Friday, April 2, 2010

Easter Egging



Eggs have always factored highly in most people’s Easter celebrations; some decorate their eggs and award prizes for the best, some hide them and have an Easter egg hunts while others run them along the streets in an Easter egg race.

Sleepy Hamlet, however, had its own and very unique way of celebrating with an egg. Theirs was called ‘Easter Egging’ and it went something like this:

Every year a secret committee would convene to pull two villagers names out of a hat. The ‘Egging Committee’ as it was called would then tell the two opponents that they were 'it' but what they wouldn't do was tell them who their opponent was. So both competitors had to first work out who their opposite number was and then egg them without the other knowing what was going on; but the 'egging' had to take place in full view of their opponent.

The whole village was on tender-hooks for the whole week until the game was over. Quite often people would get egged because they saw someone looking at them funny and egged them just in case...forgetting completely that they hadn't been approached by the egging committee, so it couldn't be them. But confusion was more of a state of mind than a medical condition for the villagers of Sleepy Hamlet.

A new rule had had to be brought in some five years back that no artificial aid could be used after Mrs Heppleheimer, who had been put up against Timpkins, Hamlet Hall’s head gardener, had built a trebuchet--- a medieval siege engine used for hurling boulders against castle walls--- and placed her egg in it.
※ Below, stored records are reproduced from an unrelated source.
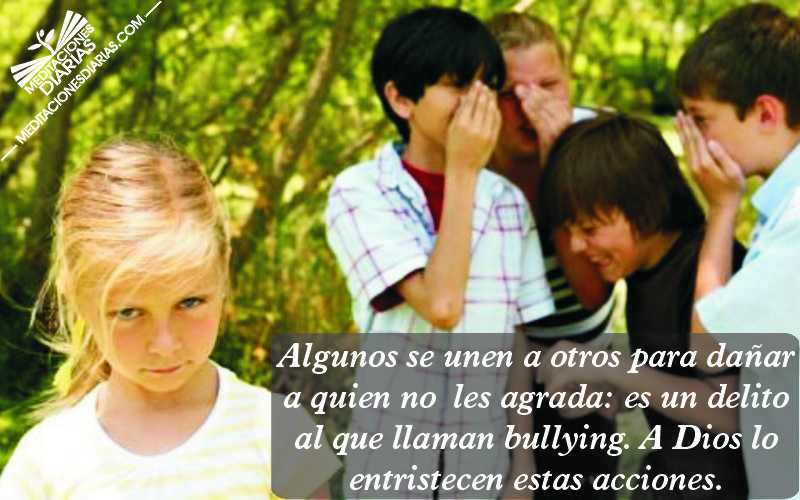 Algunos se unen a otros para dañar a quien no les agrada: es un delito al que llaman bullying. A Dios lo entristecen estas acciones. Recuerda que dio a su Hijo, Jesús, por amor a todos, a ti y todos los que te rodean, inclusive aquellos que no te caen bien. Así que respeta la vida y la integridad de todos.
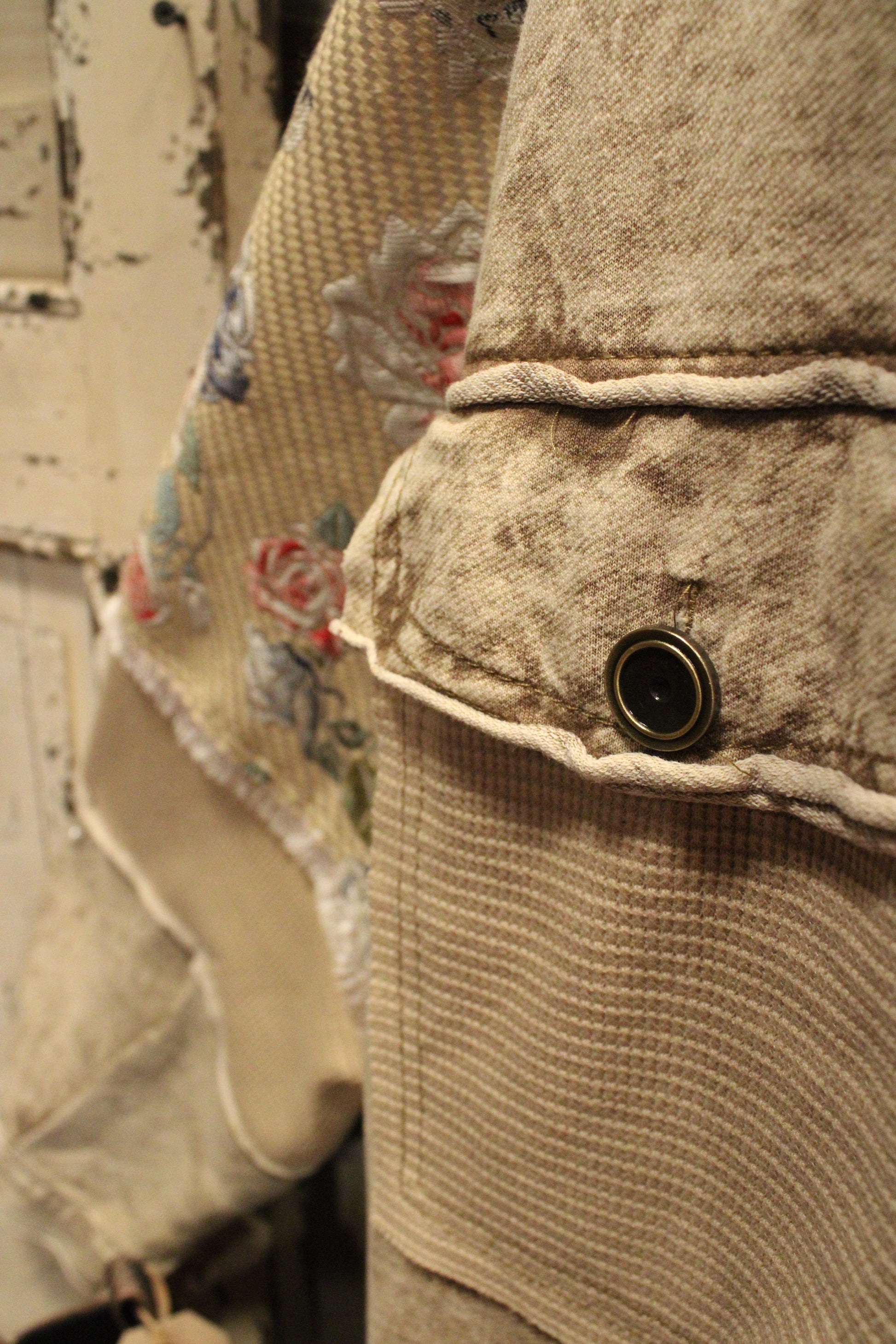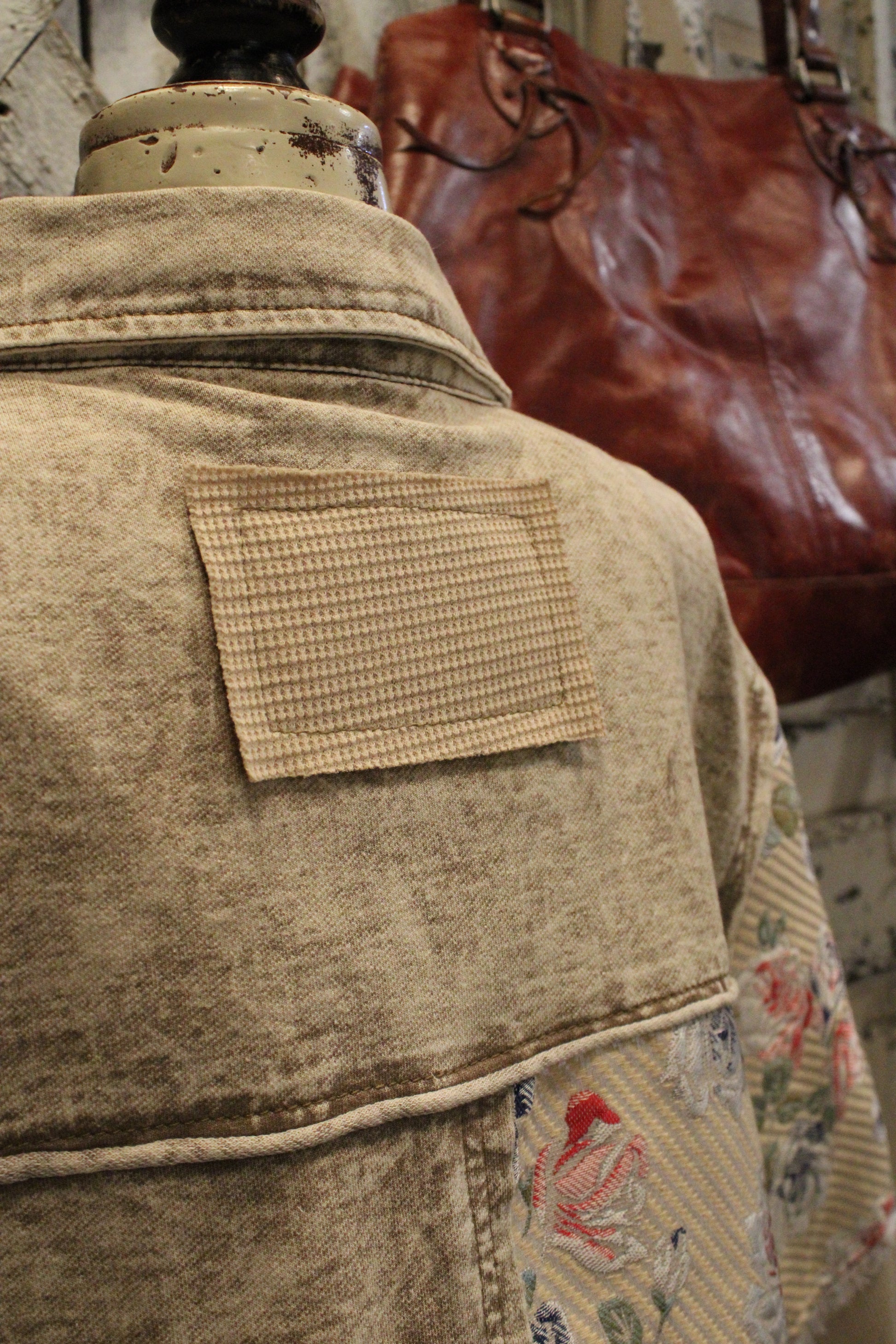 Introducing the Touch of Floral Button Up- A little rugged, a little romantic—this jacket is all about contrast in the best way. Made from a distressed canvas-style fabric, this jacket blends vintage edge with soft floral patterns and patchwork charm. Waffle-knit elbow panels and raw-edge seams add texture, while the structured silhouette and button-front closure bring just enough utility.
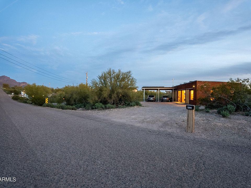 Designed to maximize the incredible views of the Superstition Mountains from the inside and out, this sustainable Sonoran Desert home provides off-grid living within ten minutes of grocery shopping, dining, and other amenities. High-performance building materials and techniques render this home net-zero energy with low carbon impact. Outdoor lovers delight in dwelling amongst your own acre of lush natural desert landscaping, eight minutes to Lost Dutchman State Park, and easy access to Canyon Lake. Fully powered by solar with the option to connect to the power grid, this ultra-low water usage home was built with zero red list materials. Eco-friendly, carbon aware living at its finest!
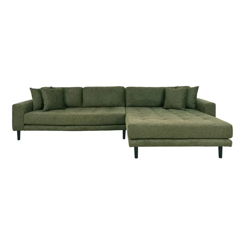 Lido lounge højrevendt sofa i olivengrøn – 1301480 Produktspecifikation. Sofa højrevendt i olivengrøn med fire puder HN1020 Materiale. 100 Polyester. Eg. Fyr Farve. Olivengrøn Længde cm. 170-92 Bredde cm. 290 Højde cm. 76 Nettovægt kg. 78. 2 S
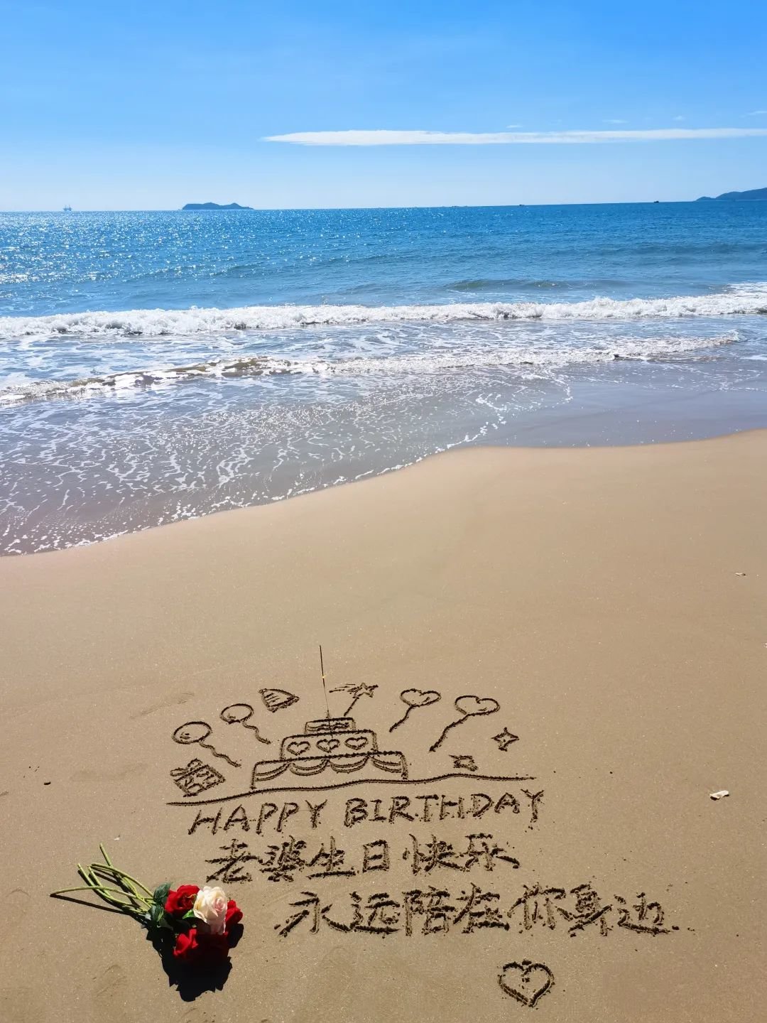 手写既是一种仪式感,也是一种陪伴。把名字、心愿、祝福、表白、寄语写在海边,算是一份独特又浪漫的礼物。
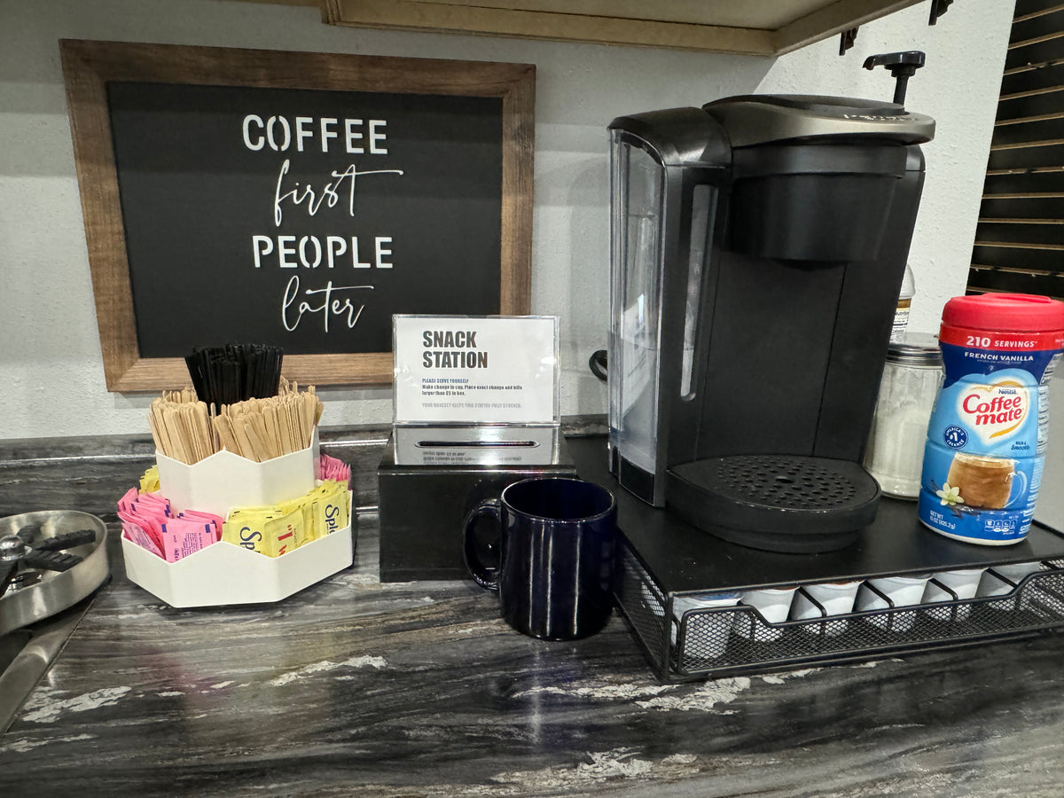 On site, you will find a large assortment of colored card stock, adhesives, and basic paper craft supplies readily available for purchase. We also provide a well stocked snack bar that has goodies available for a nominal fee.
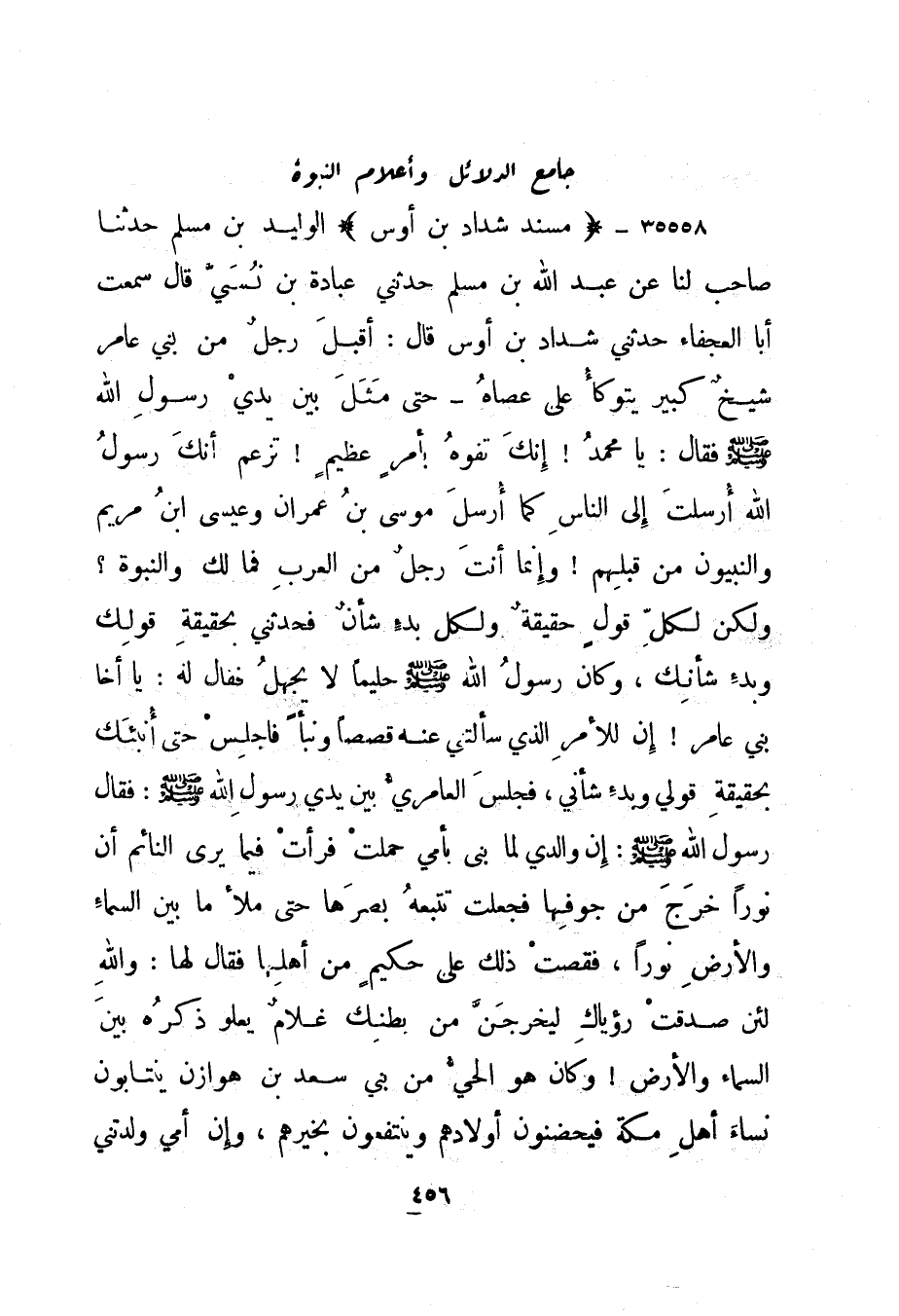 35558- "مسند شداد بن أوس" الوليد بن مسلم حدثنا صاحب لنا عن عبد الله بن مسلم حدثني عبادة بن نسي قال سمعت أبا العجفاء حدثني شداد بن أوس قال: أقبل رجل من بني عامر شيخ كبير يتوكأ على عصاه - حتى مثل بين يدي رسول الله صلى الله عليه وسلم فقال: يا محمد! إنك تفوه بأمر عظيم! تزعم أنك رسول الله أرسلت إلى الناس كما أرسل موسى بن عمران وعيسى ابن مريم والنبيون من قبلهم! وإنما أنت رجل من العرب فما لك والنبوة؟ ولكن لكل قول حقيقة ولكل بدء شأن فحدثني بحقيقة قولك وبدء شأنك، وكان رسول الله صلى الله عليه وسلم حليما لا يجهل فقال له: " يا أخا بني عامر! إن للأمر الذي سألتني عنه قصصا ونبأ فاجلس حتى أنبئك بحقيقة قولي وبدء شأني "، فجلس العامري بين يدي رسول الله صلى الله عليه وسلم: فقال رسول الله صلى الله عليه وسلم: " إن والدي لما بنى بأمي حملت فرأت فيما يرى النائم أن نورا خرج من جوفها فجعلت تتبعه بصرها حتى ملأ ما بين السماء والأرض نورا، فقصت ذلك على حكيم من أهلها فقال لها: والله لئن صدقت رؤياك ليخرجن من بطنك غلام يعلو ذكره بين السماء والأرض! وكان هو الحي من بني سعد بن هوازن ينتابون نساء أهل مكة فيحضنون أولادهم وينتفعون بخيرهم، وإن أمي ولدتني
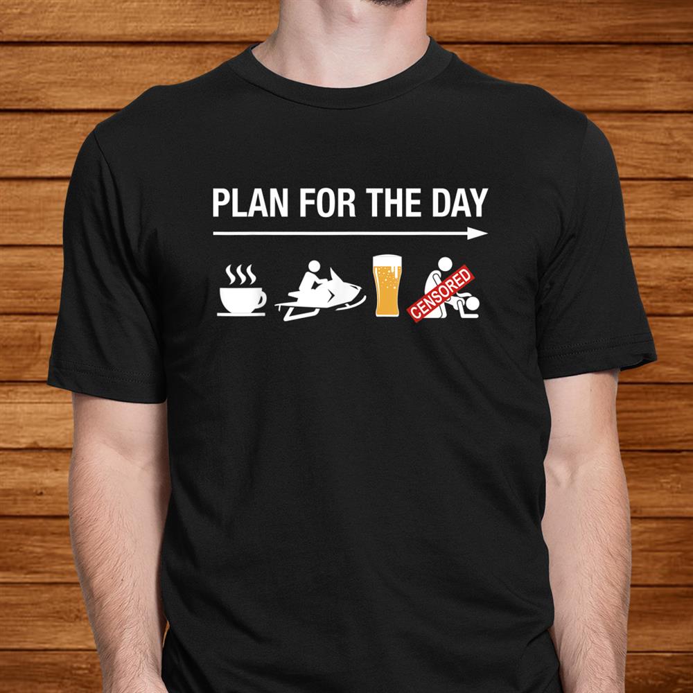 Plan For The Day Adult Humor Coffee Ride Beer Snowmobile Shirt
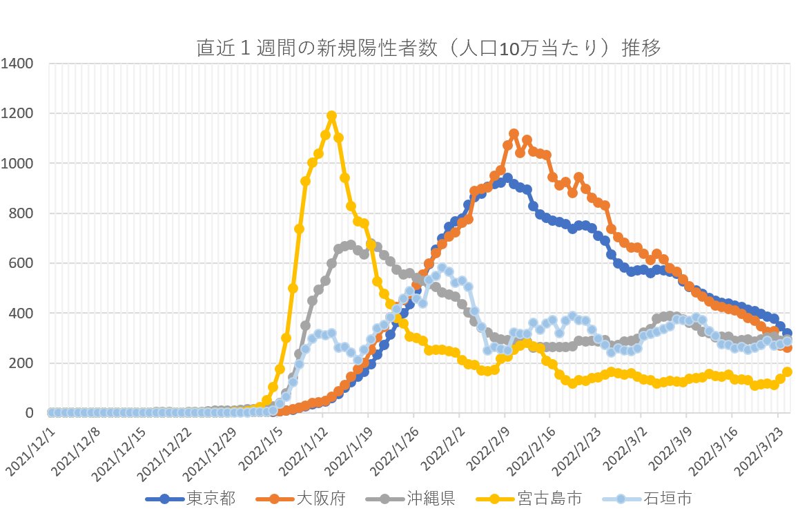 【速報・新型コロナ】24日、直近1週間の新規陽性者(人口10万人当たり)

When it connected with poor old Timpkins, he was off work for a week and the doctors didn’t finish digging egg shells out of his nostrils until Michaelmas.

Mrs Markle, the Village Postmistress, wanted nothing to do with this tradition as she believed it smacked of paganism and as she was a Puritan, and therefore self appointed scupperer of all things fun and frollicky, she stayed away from the committee and anyone who had anything to do with it. She instead insisted on blazing a trail for the Christian festival of the resurrection and vocalised in its favour on every available opportunity.

On the day that the ‘Easter Egging’ festivities began, Mrs Markle was making a pyramid display of hens eggs in the middle of her shop when she saw Tom, incomer, entrepreneur and landlord of the Cock and Bull pub, and Mrs Heppleheimer sizing each other up like a pair of gladiators, Tom, she could see quite clearly, had an egg behind his back. She knew at that point that the village idiots (for which there were many candidates in Sleepy Hamlet) had been chosen and the games were commencing.

Seeing this as just another attack on her beloved Christian celebration she left the construction of her egg mountain and sallied forth into the street, belting out hymns for Easter and preaching sermons. She’d got as far as the last supper (but not quite as far as the cheese board and bill) when she became aware that the two warriors had moved a lot closer to her. Most religious zealots would’ve taken this as a promising sign that their message was getting through, but seeing as one was a pagan who worshipped the Norse gods and the other an outsider, Mrs Markle’s deflector shields went up. She gabled the end of her message and with as much decorum as a mad dash could muster, she high tailed it into the village store and didn’t stop until she was safely behind the shop counter.

To her surprise and horror, Tom and the Heppleheimer woman came into the shop and carried on with their Easter Egging manoeuvres. This was a step too far and Mrs Markle was having none of it. She raised herself up to her full height and let the combatants have a piece of her mind. She interjected all her vitriolic venom with messages from the good book and at one point she even brandished her industrial strength crucifix; this mainly at Mrs Heppleheimer and her dark pagan soul, eventually she shooed the unwanted guests out of her shop with arms that doubled as brooms.

Unbeknownst to her, Tom had dropped his egg right behind Mrs Markle as he left the store. So when Mrs Markle had seen them off her premises with a snort of derision, she turned to go back in, slipped cartoon like on the broken egg and landed with full force, smack into the middle of her egg display. As she squirmed and slipped her way into attempting to get upright, Tom poked his head around the door and smiled cheerily as he said ‘You’ve been Easter Egged’ and walked off, bowing and taking plaudits from the cheering villagers.

Mrs Markle blustered and flustered, but as she tried unsuccessfully for the 15th time to stand up, looking for all the world like a heavily tweeded Bambi on ice, it started to dawn upon her that she’d been duped by Tom. Mrs Heppleheimer hadn’t been the other combatant and if she had paid attention to the village notice board she’d have seen ‘Her’ name opposite Toms and not Mrs Heppleheimer’s.
Tom and the Heppleheimer woman had worked together on an elaborate ‘Easter Egging’ hoax that had left her quite literally with egg on her face.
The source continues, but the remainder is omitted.